READ Act Coordinators:
The Role of a Professional School Counselor
Through a comprehensive and developmental school counseling program, our campus school counselors work as a team with students, families, and American Academy staff to address the academic, career and personal/social development of all students.
What does a School Counselor do?
- Work with ALL students to encourage a safe school climate of trust and respect.
- Deliver classroom lessons that align to American School Counselor Association standards.
- Facilitate small groups.
- Meet individually with students to provide short-term support (not therapy).
- Help students who are struggling to make positive behavior choices at school.
- Collaborate with parents/guardians, teachers, support staff, and administration.
- Provide education and information about students’ social-emotional needs.
- Maintain confidentiality of students and their families unless there is a need to know or a safety concern.
If you are interested in having your child meet with the campus school counselor or participate in a small group, please visit the School Counseling
web pages for information.
Gifted & Talented
The mission of our Gifted and Talented Program is to promote intellectual, social and emotional growth in the gifted and twice exceptional student population through encouraging student-lead advocacy, providing active support and purposeful education programming and opportunities.

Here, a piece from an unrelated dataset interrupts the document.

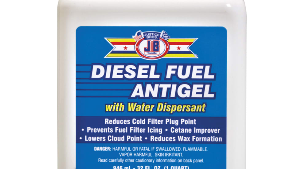 Justice Brothers’ Diesel Fuel Antigel quart bottle will treat up to 250 gallons of fuel in extremely cold temperatures and is approved for biodiesel as well.

There are added opportunities for students on Advanced Learning Plans (ALPs), such as the choice of participating in the Passion Pursuit Project. Universal screening for potentially gifted students is required for all third and sixth grade students using the CogAT assessment. It is a group administered assessment tool that provides data in order to determine general reasoning abilities in verbal, quantitative and nonverbal. The results are used as one source of data for gifted identification and can be utilized by teachers to inform instruction.